§ DATA EXTRACTS:
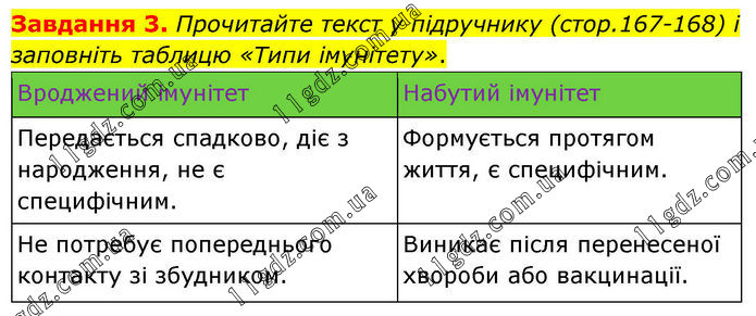 Завдання 3. Прочитайте текст у підручнику (стор.167-168) і заповніть таблицю «Типи імунітету». Вроджений імунітет Набутий імунітет Передається спадково, діє з народження, не є специфічним. Формується протягом життя, є специфічним. Не потребує попереднього контакту зі збудником. Виникає після перенесеної хвороби або вакцинації.
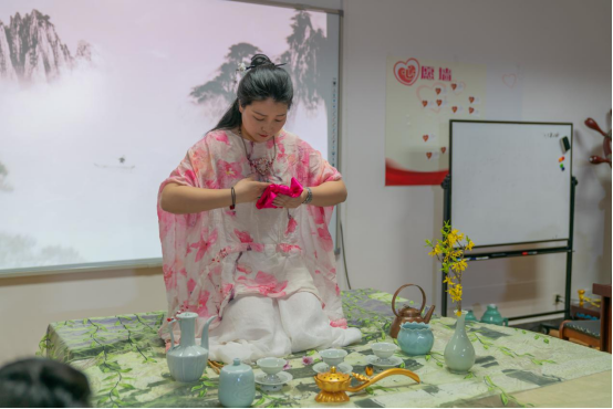 然后,由国家高级礼仪培训师、评茶师赵靖老师,通过对茶文化的介绍、茶叶茶种、名茶品鉴、茶礼以及冲泡等,给大家进行全方位的讲解和演示。
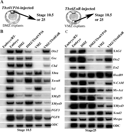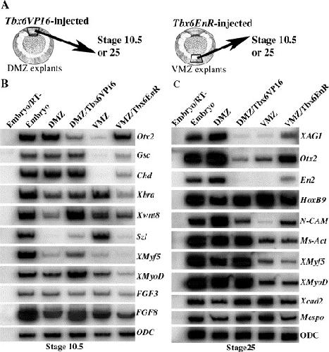 Fig. 2. Regulation of mesodermal and neural gene expression by Tbx6 in marginal zone explants. (A) Embryos at 4-cell stage were injected with Tbx6VP16 mRNA in the DMZ region or with Tbx6EnR mRNA in the VMZ region. Injected embryos were cultured to early gastrula stage for dissection of DMZ and VMZ explants. (B) Gene expression in DMZ and VMZ explants at the early gastrula stage. Tbx6 inhibits the expression of dorsal genes like Otx2 and induces the expression of ventral genes like Xwnt8 and szl in the DMZ explants. In contrast, Tbx6EnR induces the expression of dorsal genes like Otx2 in the VMZ explants, whereas it inhibits the expression of latero-ventral genes including Xbra, szl, Xwnt8, XMyoD and FGF8. (C) Gene expression in DMZ and VMZ explants expressing Tbx6VP16 or Tbx6EnR at early tail-bud stage. Tbx6 inhibits the expression of Otx2 and N-CAM, but up-regulates posterior genes Hoxb9, Xcad2 and Mespo in DMZ explants. Tbx6EnR induces the expression of neural markers XAG1, Otx2, En2 and N-CAM in VMZ explants, while it inhibits the expression of posterior genes including Hoxb9, Xcad2 and Mespo.
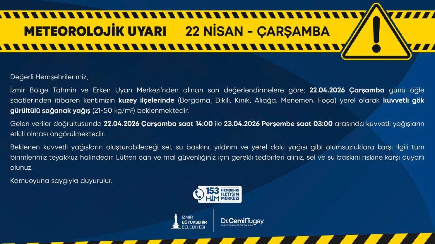Meteoroloji Genel Müdürlüğü’nden alınan son bilgilere göre İçişleri Bakanlığı İzmir için yarın (22 Nisan 2026 Çarşamba günü) yerel kuvvetli sağanak ve gök gürültülü sağanak yağış beklendiğini belirterek sarı kodla uyarıda bulundu.
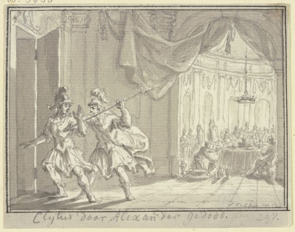 This print, made in 1815 by an anonymous artist, depicts the Queen visiting the wounded Prince of Orange. It’s rendered in a modest technique – likely a combination of etching and engraving, printed in black ink and then carefully hand-colored. These were standard methods for producing images quickly and affordably at the time. Consider the context: this image wasn't intended as a precious artwork but rather to be circulated widely, reinforcing the monarchy's image in a time of political change. The linear precision of the etching captures the scene's details, from the ornate interior to the figures' costumes. The addition of color, though applied by hand, lends an air of realism and vitality. Yet, the very process of mass production and hand-coloring speaks to the mechanics of image-making and royal propaganda. Ultimately, this print underscores how an ostensibly simple medium can be deeply embedded in the social and political currents of its time, blurring the boundaries between art, craft, and political messaging.
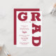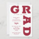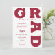 GRAD in bold crimson red lettering curves around the edges of these white background graduation party invitations. MATCHING items in our store.
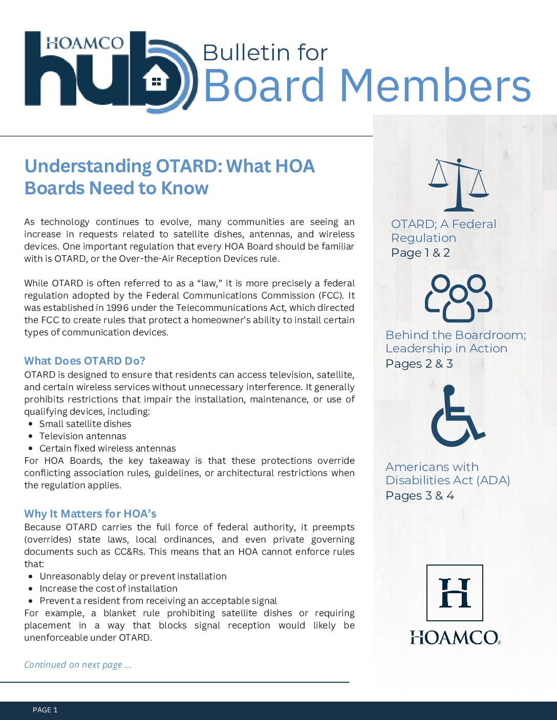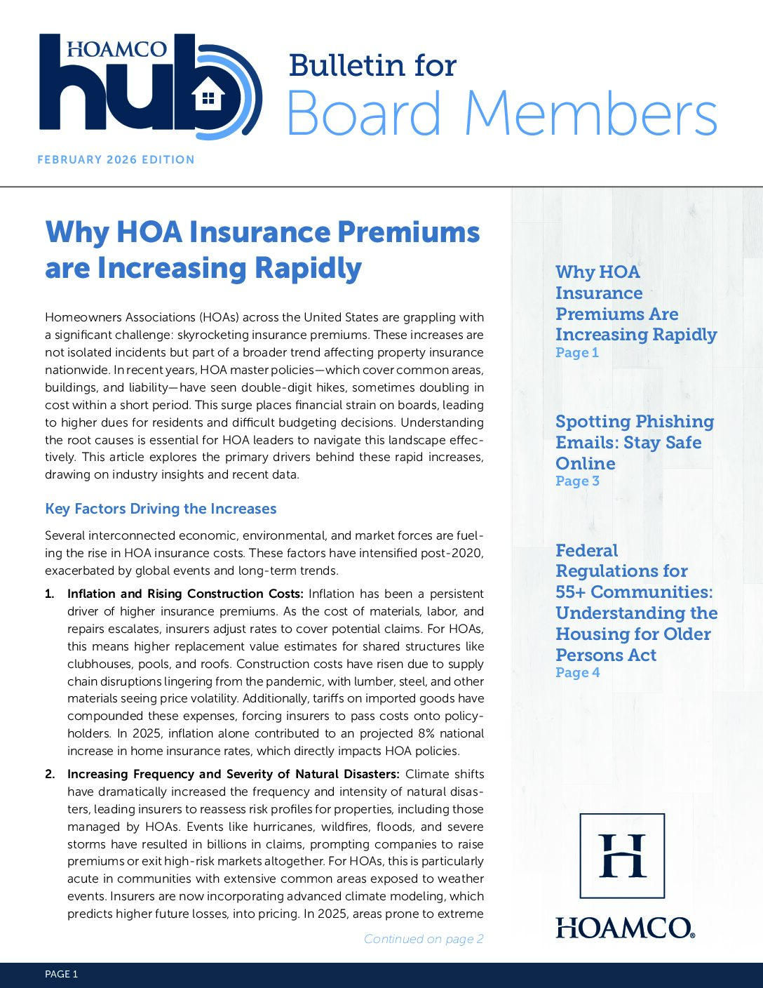 Additionally, HOAMCO has created several courses which are offered year-round to Board members across the state, tuition free and available to current clients as well as Boards of communities currently not managed by HOAMCO.

§ TASK REQUIREMENTS: Retype all the records shown above, character for character. Omit every picture.

§ REPLY TO THE TASK:
 Завдання 3. Прочитайте текст у підручнику (стор.167-168) і заповніть таблицю «Типи імунітету». Вроджений імунітет Набутий імунітет Передається спадково, діє з народження, не є специфічним. Формується протягом життя, є специфічним. Не потребує попереднього контакту зі збудником. Виникає після перенесеної хвороби або вакцинації.
 然后,由国家高级礼仪培训师、评茶师赵靖老师,通过对茶文化的介绍、茶叶茶种、名茶品鉴、茶礼以及冲泡等,给大家进行全方位的讲解和演示。
 Fig. 2. Regulation of mesodermal and neural gene expression by Tbx6 in marginal zone explants. (A) Embryos at 4-cell stage were injected with Tbx6VP16 mRNA in the DMZ region or with Tbx6EnR mRNA in the VMZ region. Injected embryos were cultured to early gastrula stage for dissection of DMZ and VMZ explants. (B) Gene expression in DMZ and VMZ explants at the early gastrula stage. Tbx6 inhibits the expression of dorsal genes like Otx2 and induces the expression of ventral genes like Xwnt8 and szl in the DMZ explants. In contrast, Tbx6EnR induces the expression of dorsal genes like Otx2 in the VMZ explants, whereas it inhibits the expression of latero-ventral genes including Xbra, szl, Xwnt8, XMyoD and FGF8. (C) Gene expression in DMZ and VMZ explants expressing Tbx6VP16 or Tbx6EnR at early tail-bud stage. Tbx6 inhibits the expression of Otx2 and N-CAM, but up-regulates posterior genes Hoxb9, Xcad2 and Mespo in DMZ explants. Tbx6EnR induces the expression of neural markers XAG1, Otx2, En2 and N-CAM in VMZ explants, while it inhibits the expression of posterior genes including Hoxb9, Xcad2 and Mespo.
Meteoroloji Genel Müdürlüğü’nden alınan son bilgilere göre İçişleri Bakanlığı İzmir için yarın (22 Nisan 2026 Çarşamba günü) yerel kuvvetli sağanak ve gök gürültülü sağanak yağış beklendiğini belirterek sarı kodla uyarıda bulundu.
 This print, made in 1815 by an anonymous artist, depicts the Queen visiting the wounded Prince of Orange. It’s rendered in a modest technique – likely a combination of etching and engraving, printed in black ink and then carefully hand-colored. These were standard methods for producing images quickly and affordably at the time. Consider the context: this image wasn't intended as a precious artwork but rather to be circulated widely, reinforcing the monarchy's image in a time of political change. The linear precision of the etching captures the scene's details, from the ornate interior to the figures' costumes. The addition of color, though applied by hand, lends an air of realism and vitality. Yet, the very process of mass production and hand-coloring speaks to the mechanics of image-making and royal propaganda. Ultimately, this print underscores how an ostensibly simple medium can be deeply embedded in the social and political currents of its time, blurring the boundaries between art, craft, and political messaging.
 GRAD in bold crimson red lettering curves around the edges of these white background graduation party invitations. MATCHING items in our store.
 Additionally, HOAMCO has created several courses which are offered year-round to Board members across the state, tuition free and available to current clients as well as Boards of communities currently not managed by HOAMCO.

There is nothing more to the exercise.